▶ _Your goal_: Each and every line below goes into your answer unchanged, but leave out the images.

▶ _Material provided_:
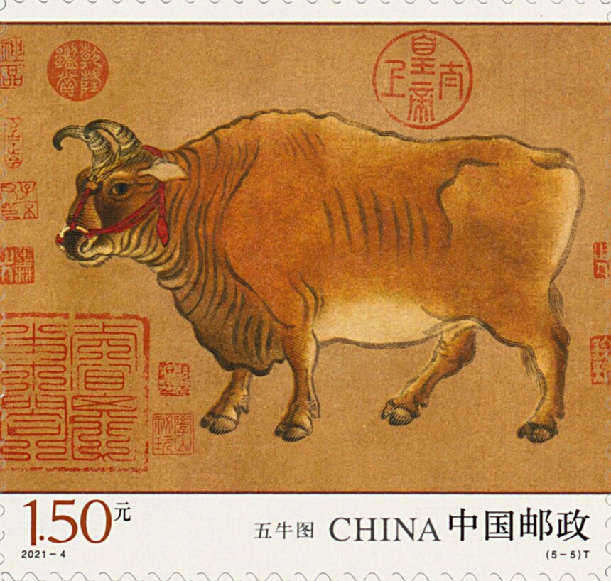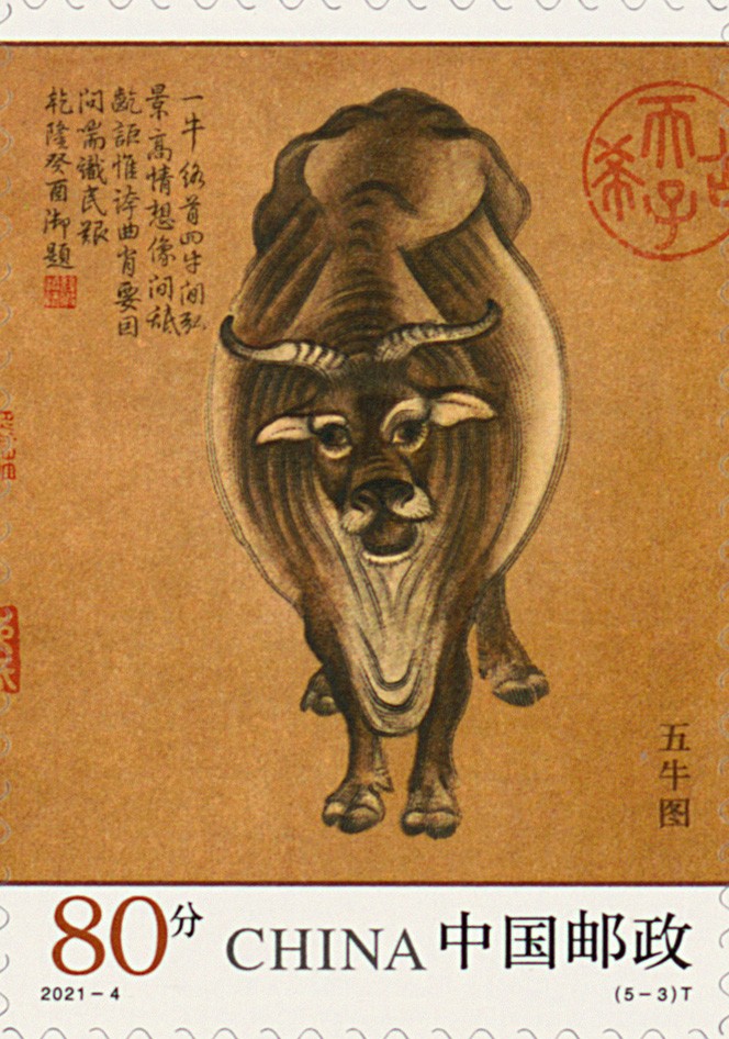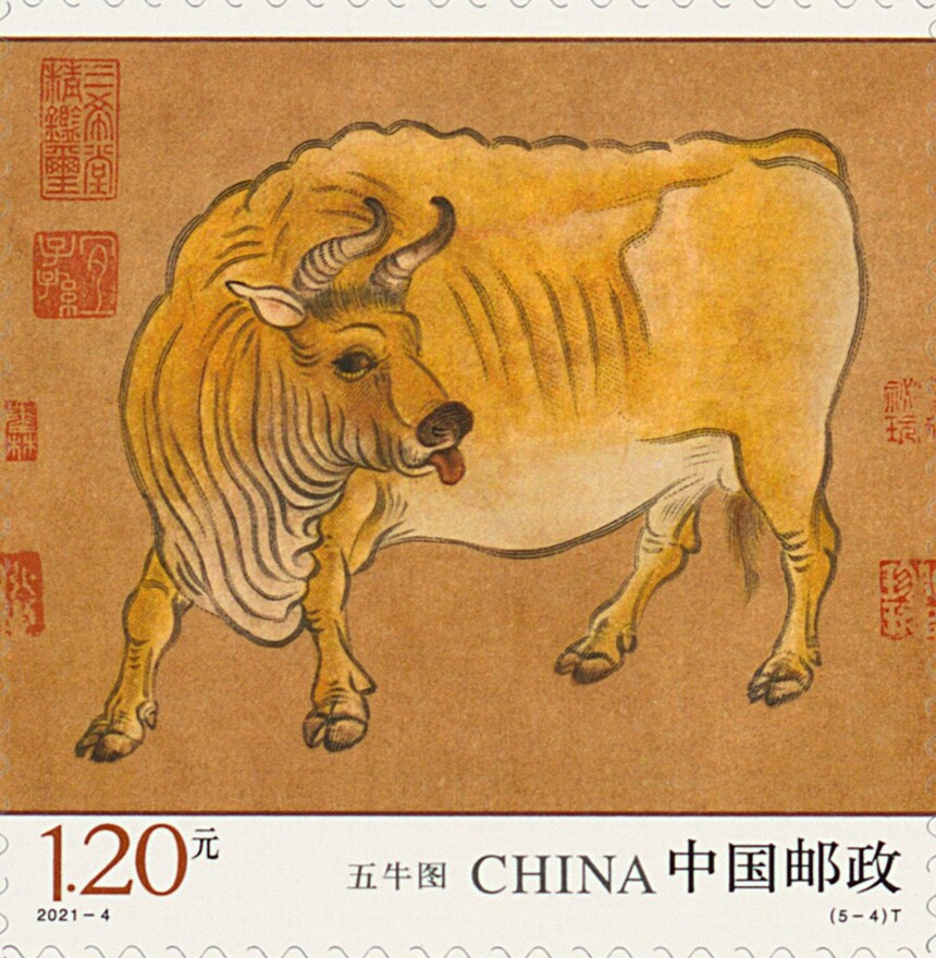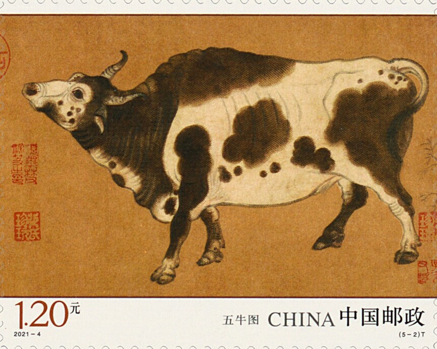 中国邮政定于2021年3月20日发行《五牛图》特种邮票1套5枚,小型张(无齿孔)1枚。详情如下:
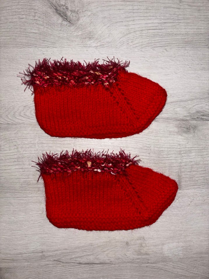 Bebek Kırmızı Örgü Ev Patiği
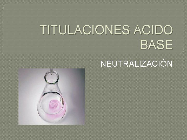 La titulación ácido base es un procedimiento frecuente en los laboratorio de análisis volumétrico. Lo que se busca es conocer la concentración y mediante esta la pureza de un analito. V ácido x N ácido V base x N base Esta ecuación es una expresión del principio de equivalencia.
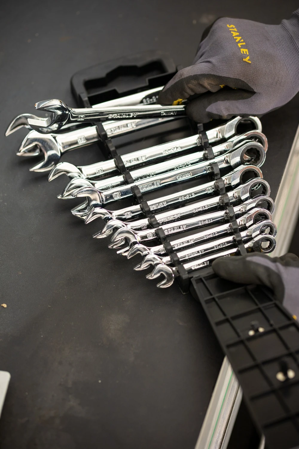 Deze Stanley ratelringsteeksleutelset bevat 12 ratelringsteeksleutels met de afmetingen 8, 9, 10, 11, 12, 13, 14, 15, 16, 17, 18, 19 mm. Ze zijn gemaakt van glanzend chroom en zijn van hoge kwaliteit. Doordat er 12 maten zijn hebt u altijd de perfecte ratelringsteeksleutel bij u!

▶ _Exercise response_:
 中国邮政定于2021年3月20日发行《五牛图》特种邮票1套5枚,小型张(无齿孔)1枚。详情如下:
 Bebek Kırmızı Örgü Ev Patiği
 La titulación ácido base es un procedimiento frecuente en los laboratorio de análisis volumétrico. Lo que se busca es conocer la concentración y mediante esta la pureza de un analito. V ácido x N ácido V base x N base Esta ecuación es una expresión del principio de equivalencia.
 Deze Stanley ratelringsteeksleutelset bevat 12 ratelringsteeksleutels met de afmetingen 8, 9, 10, 11, 12, 13, 14, 15, 16, 17, 18, 19 mm. Ze zijn gemaakt van glanzend chroom en zijn van hoge kwaliteit. Doordat er 12 maten zijn hebt u altijd de perfecte ratelringsteeksleutel bij u!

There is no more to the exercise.